Islamic television channel

Hadi TV is an International television channel with a Muslim religious focus, producing programs mainly focusing on the Twelver school of thought. It has been named after the name of 10th Imam Ali al-Hadi and duly called Hadi TV. It is first multilingual Islamic channel to broadcast programmes in more than 15 Languages including English, Urdu, Arabic, Persian, F.Dari, Hausa, Swahili, Pashto, Azeri, French, Turkish, Russian, Kurdi, Thai and Malay languages. The channel is serving a combination of edutainment and infotainment for the community around the world. Hadi TV is producing programs from Pakistan and other countries. In April 2017 telecasting of this channel was banned in Jammu and Kashmir, India by the Central Government of India.

==List of channels==
- Hadi TV 1 (Urdu, English) - Available in South Asia, USA, Canada, Australia, New Zealand and Europe.
- Hadi TV 2 (Malay, Thai) - Available in Southeast Asia and Middle East.
- Hadi TV 3 (Azerbaijani, Russian) - Available in Azerbaijan, Turkey, Kurdistan and Iran.
- Hadi TV 4 (Persian) - Available in Pakistan, Afghanistan, Iran, Iraq and Tajikistan.
- Hadi TV 5 (English, French, Hausa, Fula) - Available in Africa.
- Hadi TV 6 (Persian, Dari) - Available in Pakistan, Afghanistan and Iran.
- Hadi TV 7 (Kurdish, Turkish) - Available in Turkey, Iraq, Syria, Azerbaijan, Cyprus and European Union.
- Hadi TV 8 (English, Swahili, French, Urdu) - Available in Africa.
- Hadi TV 9 (Pashto) - Available in Pakistan and Afghanistan.
- Dua Channel (Arabic) - Available in Malaysia, North Africa and Middle East.

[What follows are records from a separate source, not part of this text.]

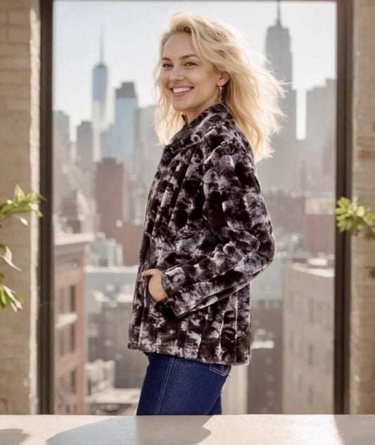 Johnny Was XL Black & Grey Faux Fur Coat Jacket Silk Lining Pockets Soft
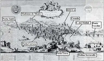 Le canal qui alimentait les différents moulins, arrivait vers la cité de Cesena à la porta dei Molini, passait sous le pont Saffi (devant la porta Fiume), longeait une partie des murs[2] pour terminer sa course dans le torrent Cesuola aux pieds du moulin de Serravalle.
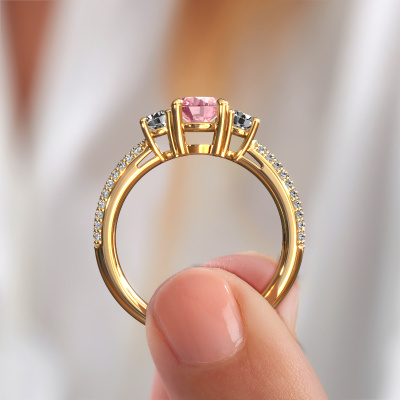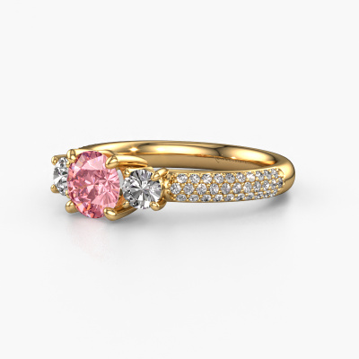 This 14 Carat gold ring is called Marielle RND and is set with 6 mm pink lab grown diamond. This exclusive gold 3-stone engagement ring is a true work of art! The ornaments are crafted with a lot of patience and great passion. In order to create this ring with great precision, this craft requires a keen eye and skillful hand. A challenge which ignites a fire in our expert goldsmith. The exquisite pink lab grown diamonds are set in a special way so they stand out even more. This gives the ring an even more glamorous appearance. The tasteful engagement ring is actually unique on its own because of the gemstones which we carefully select especially for this ring. On top of that you select the precious metals which will be used to create a unique ring for the most extraordinary woman in your life! This jewel is made with passion and love by one of our master goldsmiths.By using a combination of the latest modern techniques, combined with ancient crafting, we can make all our engagement rings in our own studio. Each jewel is made to order. This is advantageous because we can offer you a price you won't find anywhere else.Our designers and goldsmiths work together each day, creating new jewels. Perhaps you have found a nice exclusive engagement ring somewhere, which can be used to customize your unique ring. Please feel free to contact us. We will make you an offer, based on a fair price/ quality ratio, which will amaze you.To make it easier for you, we offer a 30 day return policy. Check our terms and conditions.

== U.S. Seizure of Online Sites ==
On June 22, 2021, United States law enforcement agencies seized a number of domains including haditv.com. The United States Department of Justice claims the websites it seized was taken for allegedly promoting disinformation campaigns and for violating U.S. sanctions against the Islamic Revolutionary Guard and radical terrorist groups.